(Given information Opens)
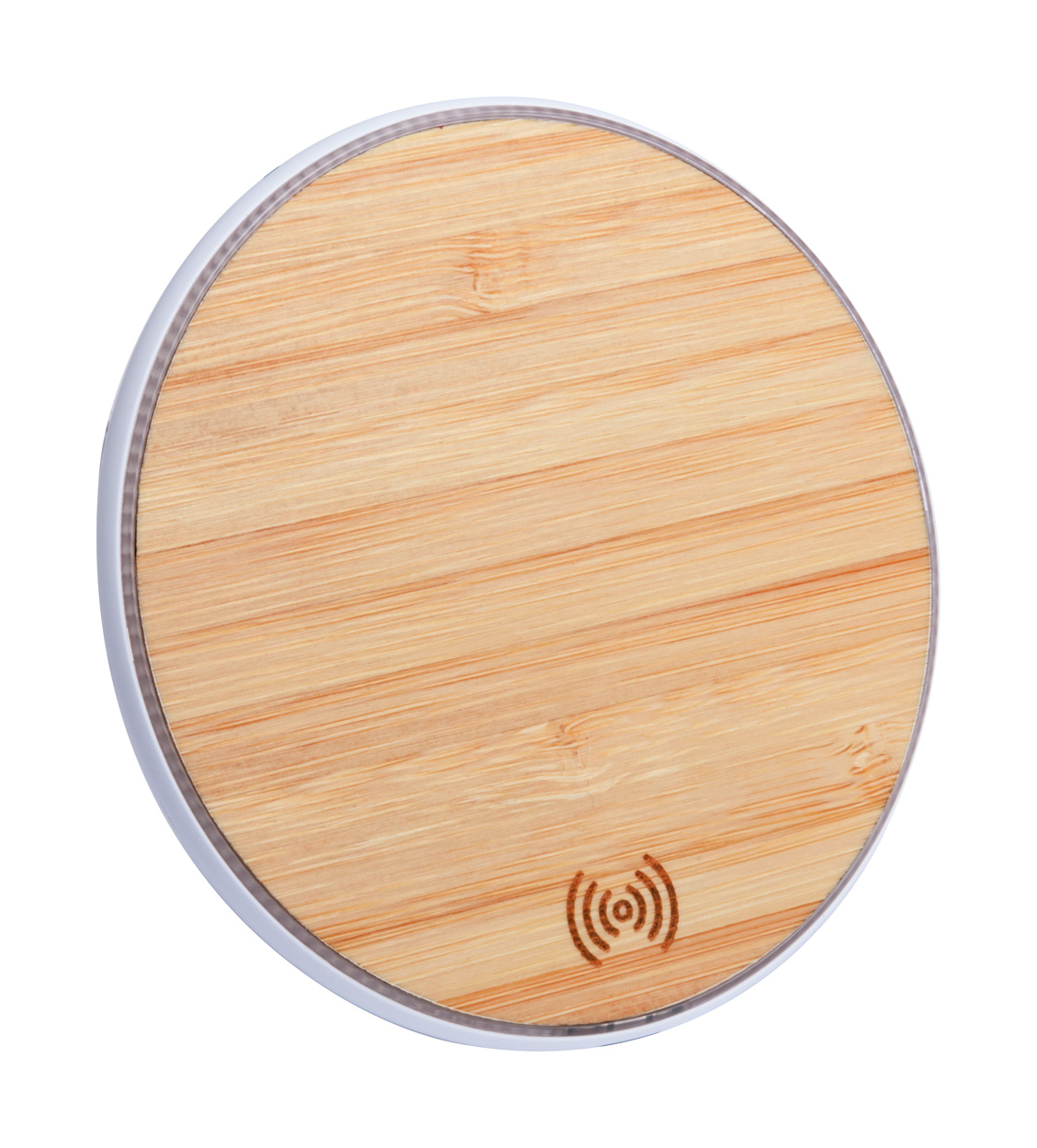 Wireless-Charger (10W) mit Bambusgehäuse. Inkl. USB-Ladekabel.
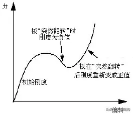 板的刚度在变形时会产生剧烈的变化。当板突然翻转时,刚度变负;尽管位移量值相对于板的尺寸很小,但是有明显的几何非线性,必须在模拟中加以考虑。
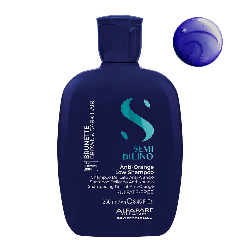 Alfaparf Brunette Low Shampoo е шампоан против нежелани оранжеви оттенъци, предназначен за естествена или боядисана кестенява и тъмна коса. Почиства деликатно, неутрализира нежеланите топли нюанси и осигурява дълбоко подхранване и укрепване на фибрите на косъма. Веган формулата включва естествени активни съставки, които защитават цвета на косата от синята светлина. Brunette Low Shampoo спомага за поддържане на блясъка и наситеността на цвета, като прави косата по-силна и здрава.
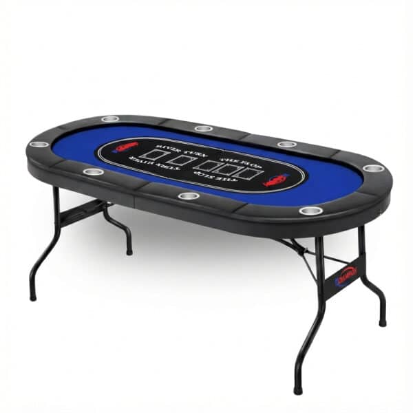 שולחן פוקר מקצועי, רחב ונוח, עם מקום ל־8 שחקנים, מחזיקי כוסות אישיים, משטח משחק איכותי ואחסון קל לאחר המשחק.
(Given information Closes)
Assigned task | Since the pictures are not part of the copy, transcribe only the remaining material, exactly.

Output of the task |
 Wireless-Charger (10W) mit Bambusgehäuse. Inkl. USB-Ladekabel.
 板的刚度在变形时会产生剧烈的变化。当板突然翻转时,刚度变负;尽管位移量值相对于板的尺寸很小,但是有明显的几何非线性,必须在模拟中加以考虑。
 Alfaparf Brunette Low Shampoo е шампоан против нежелани оранжеви оттенъци, предназначен за естествена или боядисана кестенява и тъмна коса. Почиства деликатно, неутрализира нежеланите топли нюанси и осигурява дълбоко подхранване и укрепване на фибрите на косъма. Веган формулата включва естествени активни съставки, които защитават цвета на косата от синята светлина. Brunette Low Shampoo спомага за поддържане на блясъка и наситеността на цвета, като прави косата по-силна и здрава.
 שולחן פוקר מקצועי, רחב ונוח, עם מקום ל־8 שחקנים, מחזיקי כוסות אישיים, משטח משחק איכותי ואחסון קל לאחר המשחק.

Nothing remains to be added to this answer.